After the test instructions had been read and immediately 
before a stibject started the test, his pulse rate was measured. 
Additional pulse readings were taken at the 10, 20, 30, and 40 minute 
marks of the test. The last reading was made as the test was taken 
from the student. At the same time the pulse reading was taken, the 
item the subject had reached on the test was recorded. 

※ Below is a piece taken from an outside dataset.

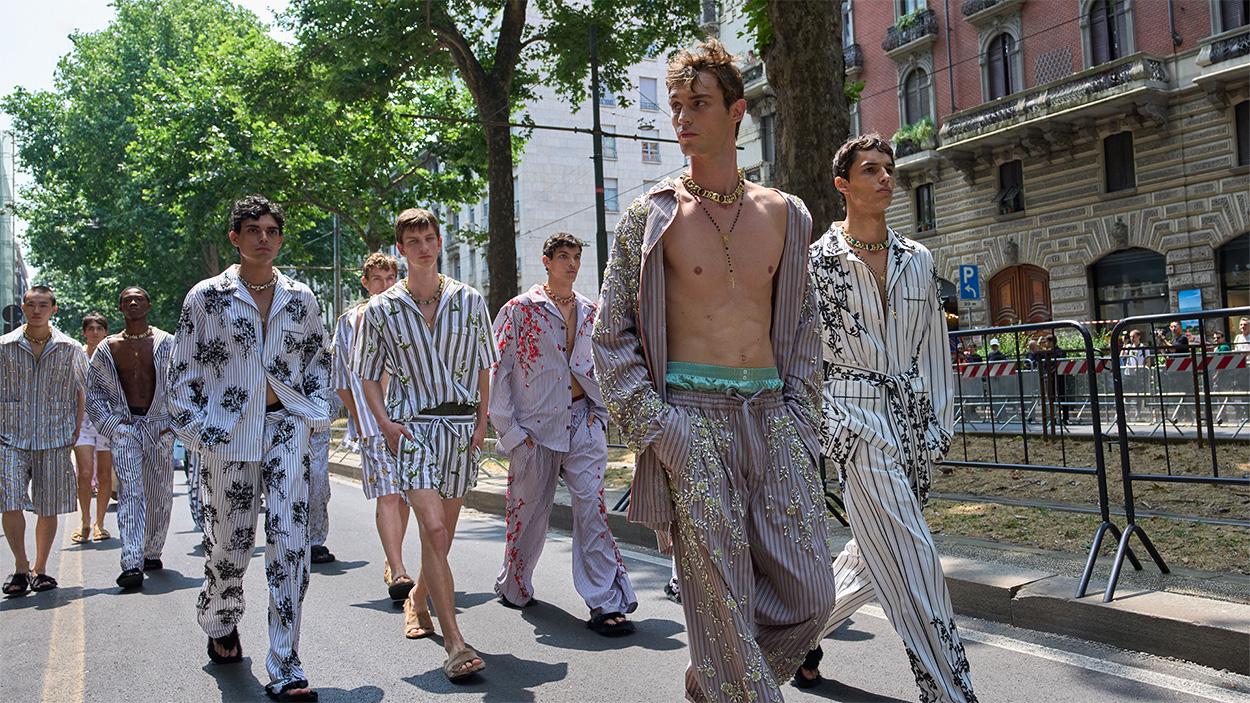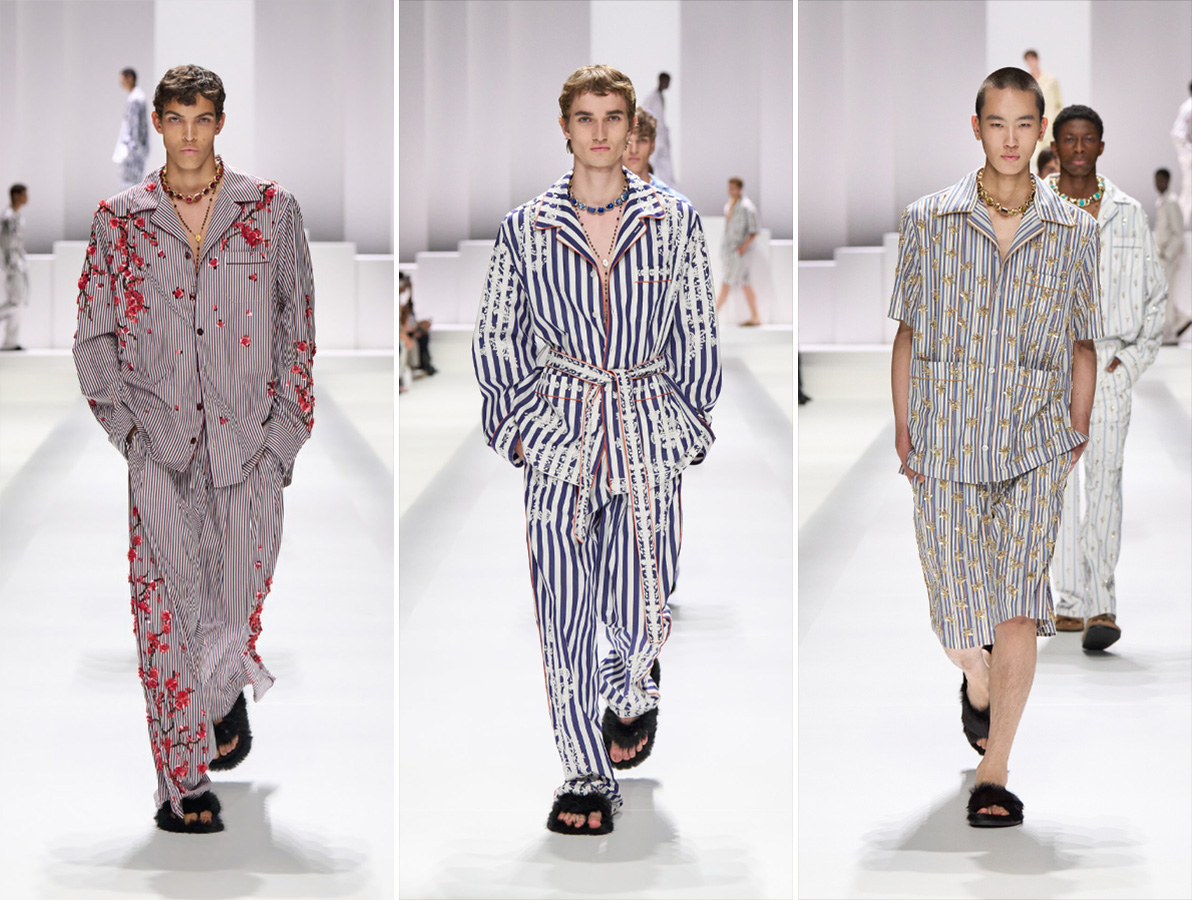 杜嘉班納(Dolce & Gabbana)本季圍繞「PYJAMA BOYS」主題,演繹了一場睡衣美學的風格革新,展現當代男性的鬆弛與自信。本系列作品將都市格調與度假風情着裝巧妙融合,其中品牌標誌性單品睡衣煥發新意,雅緻色調與鮮明撞色和諧碰撞,輕盈棉質提花面料綴飾粗細各異的豎條紋圖案,部分更有手工鑲嵌的璀璨寶石及水晶刺繡織,讓睡衣化身為華美且風格多元的新表達。
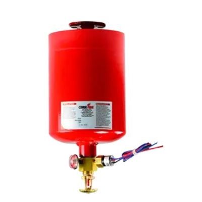 The CFP 640 bridges the difficult gap between small spaces and mid-sized spaces. It is a Dry Chemical unit designed to be installed vertically. It protects any space 8` x 8` x 10` or smaller. Great for modular spaces, portable shelters, storage rooms, any space that requires automatic fire suppression, or as part of a networked system for applications eight foot wide but longer in length, like a conex box. Our CF-33 dry chemical agent is non-corrosive, non-conductive & non-toxic, making it a safe option for nearly any application.

Scoring the materials . The answer sheet for the AAT provided 
five choices for each question. These choices, of which the subject 
was to choose one, were "Never", "Sometimes", "About half the time", 
"Frequently", and "Always". For the purpose of scoring, these choices 
were given numerical values of 0, 1, 2, 3, and 4 respectively. The 
score for each item was totalled with scores for other items on the 
same scale to arrive at two scores— a debilitating anxiety score and 
a facilitating anxiety score. 

In the Mathematics Achievement Test, the subjects answered 
the questions by circling one of the five choices available. Subjects 
responses coded 0, 1, 2, 3 or 4 were key-punched on to IBM cards and 
scored on an IBM 7094 computer. Since the directions told students 
to guess, no correction for guessing was employed. 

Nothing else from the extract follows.